In the period of the study many trusts made great strides forward. "There are success stories: one hospital did 12,000 operations in one year and the following year 15,000, knocked two sessions off a week, and took pounds 100,000 off the staffing budget in a year," says Mr Merrick. This was achieved by staff natural wastage, and gradual improvements to theatre practice.

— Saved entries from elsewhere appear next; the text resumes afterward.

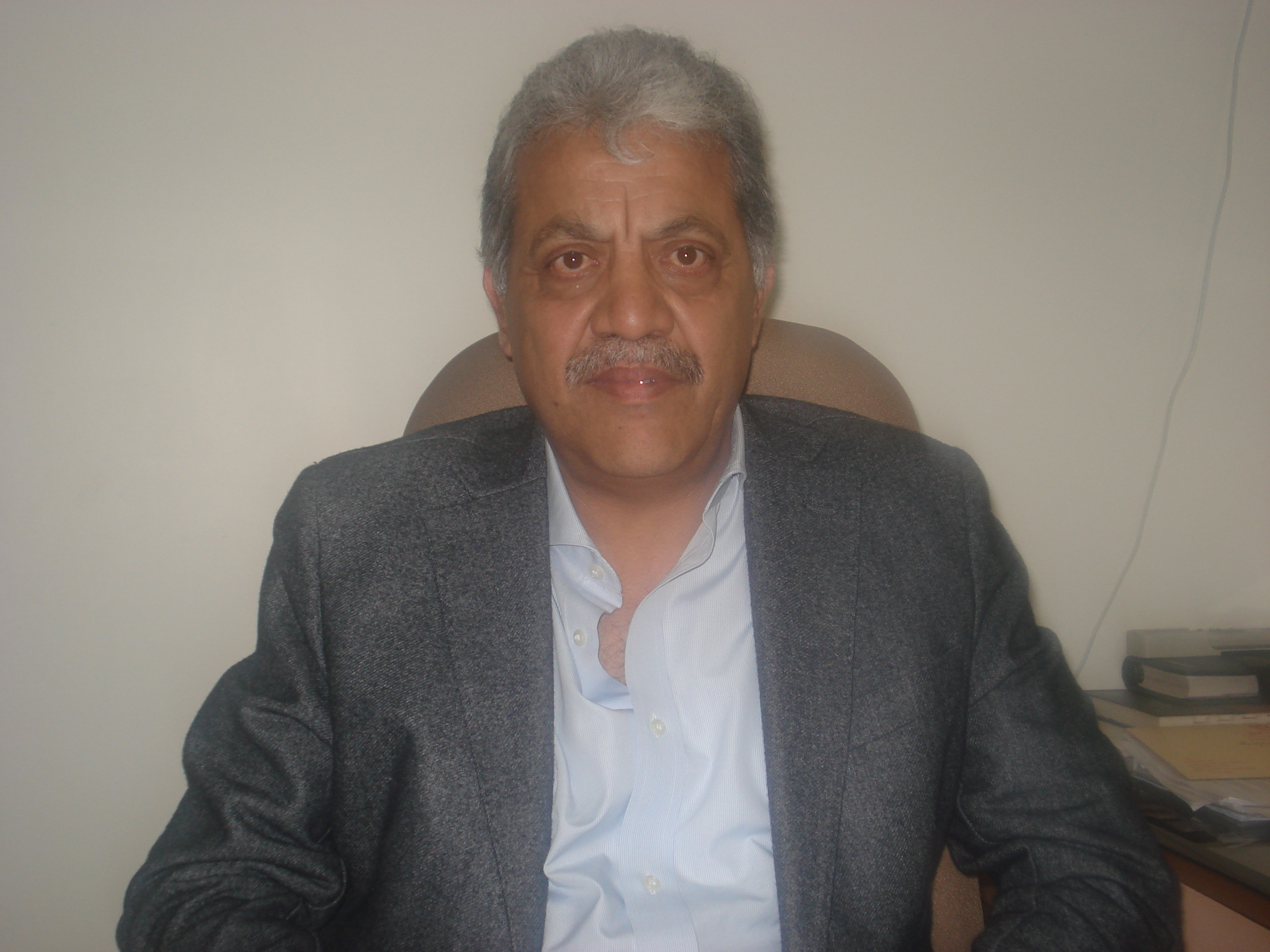 Photo of Bikky Khosla clicked using Sony DSC W-50 Digital Camera in his office.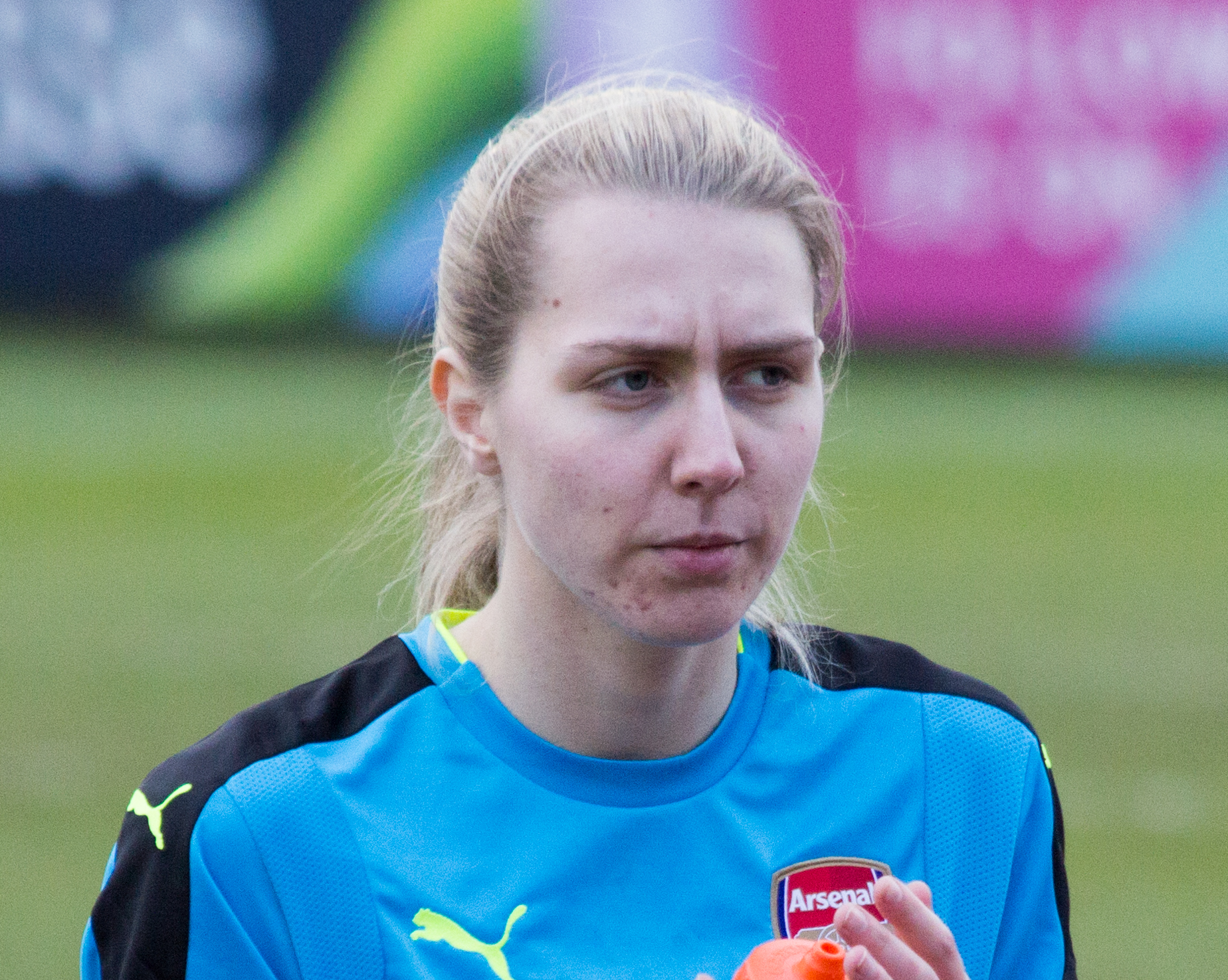 Arsenal LFC (Red) v Kelly Smith All-Stars XI (Yellow), 19 February 2017 – post-match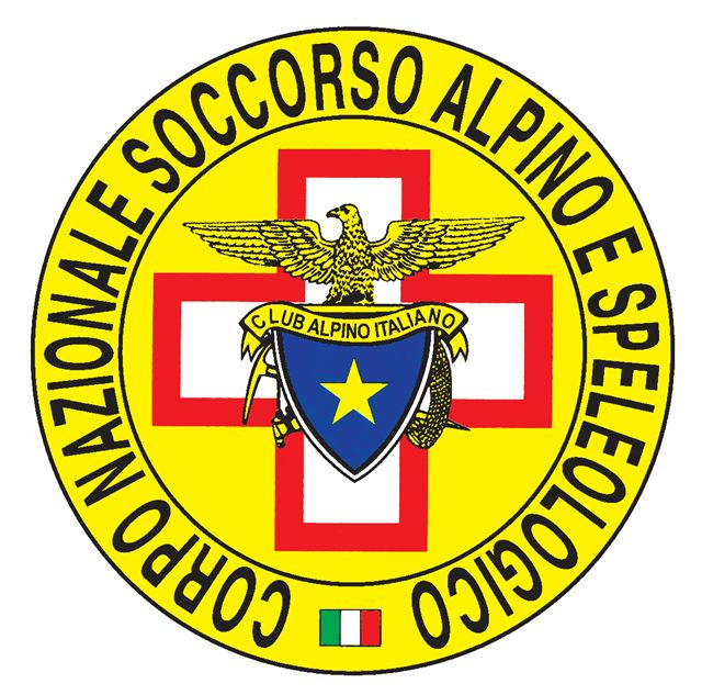 Coat of arms of Corpo Nazionale di Soccorso Alpino e Speleologico. Is the coat of arms of Club Alpino Italiano in yellow and some simple geometric shape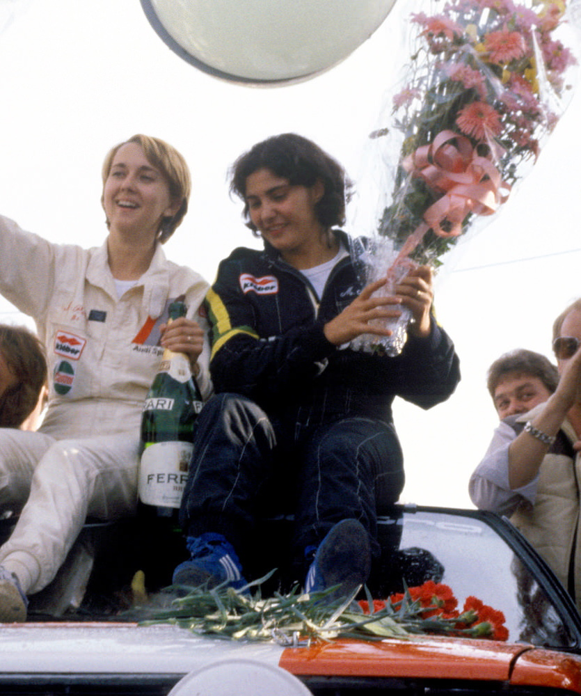 Michèle Mouton, winning the Rallye Sanremo of 1981 together with Fabrizia Pons.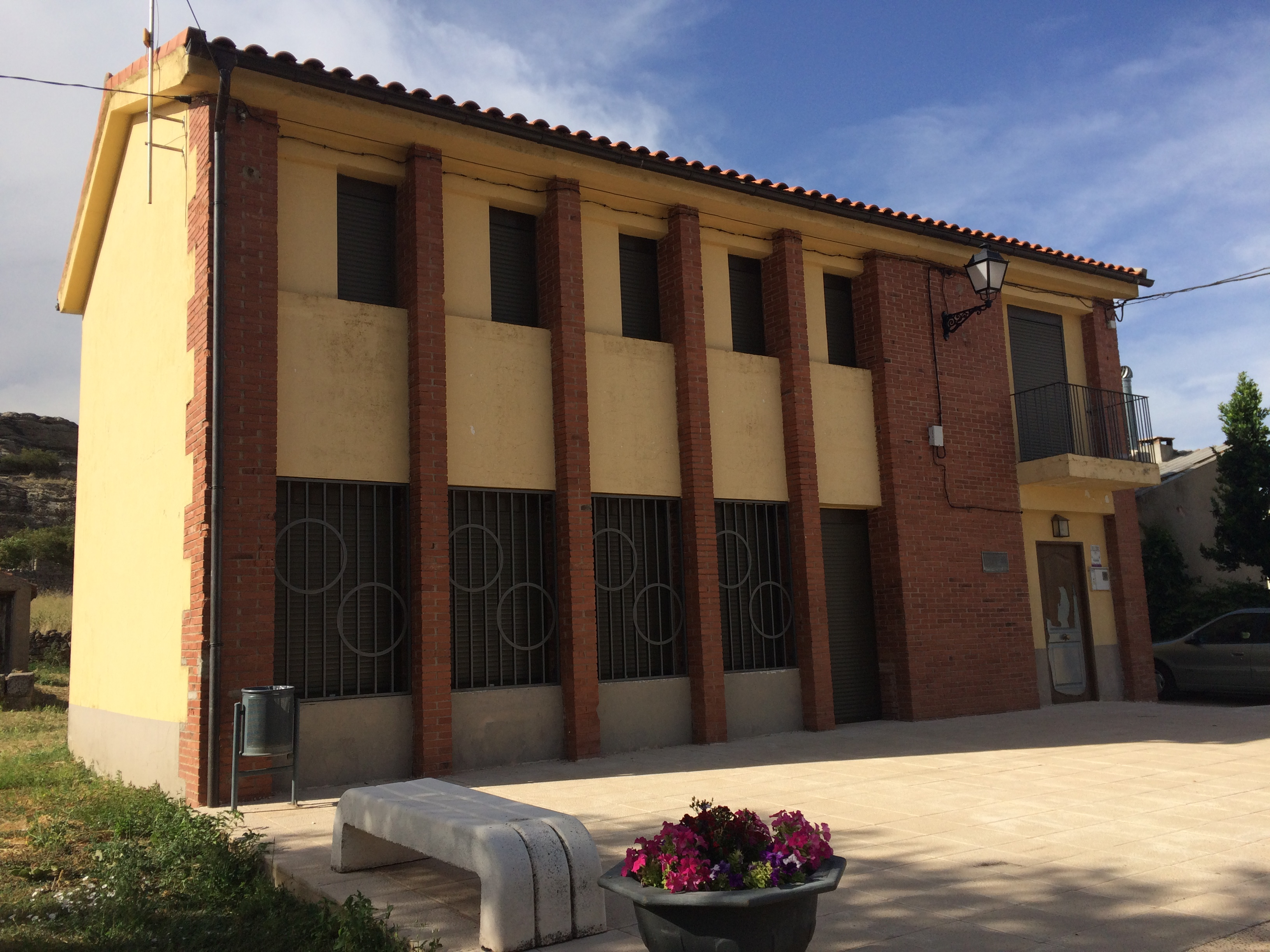 Museo arqueológico del Valle de Ambrona en las antiguas escuelas de Miño de Medinaceli (Soria)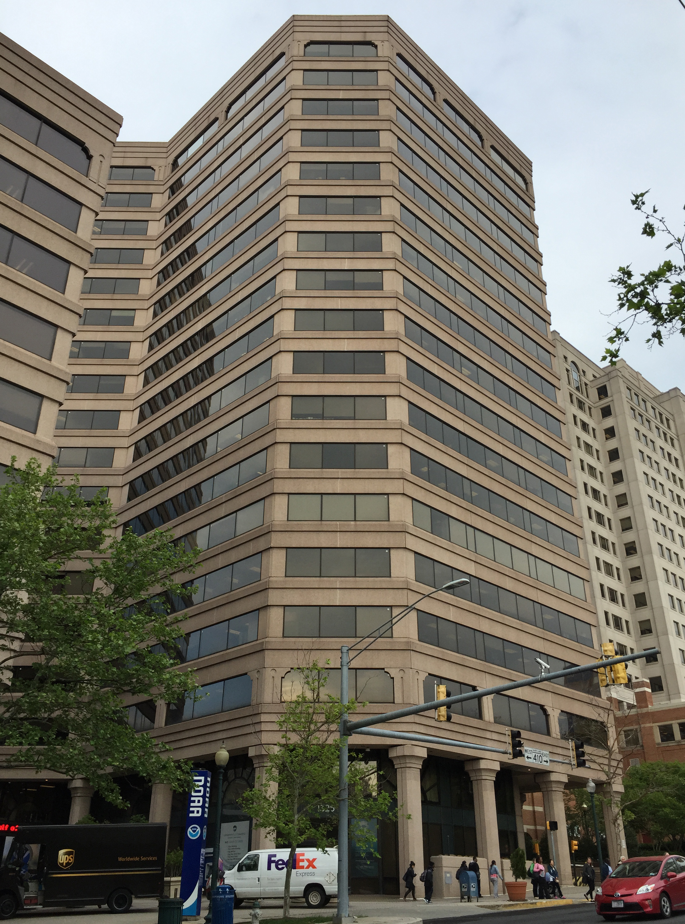 National Weather Service headquarters on East-West Highway (Maryland State Route 410) in Silver Spring, Montgomery County, Maryland

While potential savings were not as great with out-patient cases, they were still significant. While Mr Merrick recognises that he risks being seen to be making clinical judgements, he points out that some hospitals see 25 per cent fewer follow-up cases than others for similar ailments. This means that some large district general hospitals unnecessarily see up to 30,000 out-patients a year.

Mr Merrick says this may be because some hospitals rely more on inexperienced senior house officers (SHOs). While SHOs need to see patients to gain experience it might be more efficient, suggests Mr Merrick, if they examined patients in front of a consultant to confirm the diagnosis. This should cut the number of unnecessary referrals and follow-up appointments, as well as nurses employed to support SHOs. However, adds Mr Merrick, this is a problem that will need to be addressed nationally.

Other health service problems also require a national solution, Mr Merrick says. For example, contract performance is judged by finished consultant episodes, which may merely mean that a patient has been referred to another consultant, while theatre sessions are governed by the number of operations needed. "This makes for great fun for contracting," he says.

Clinical staff may never love auditors but they may learn to value them, which would be just as well - as reforms bite deeper, and computer recording of data becomes more pervasive, auditors are going to become increasingly influential.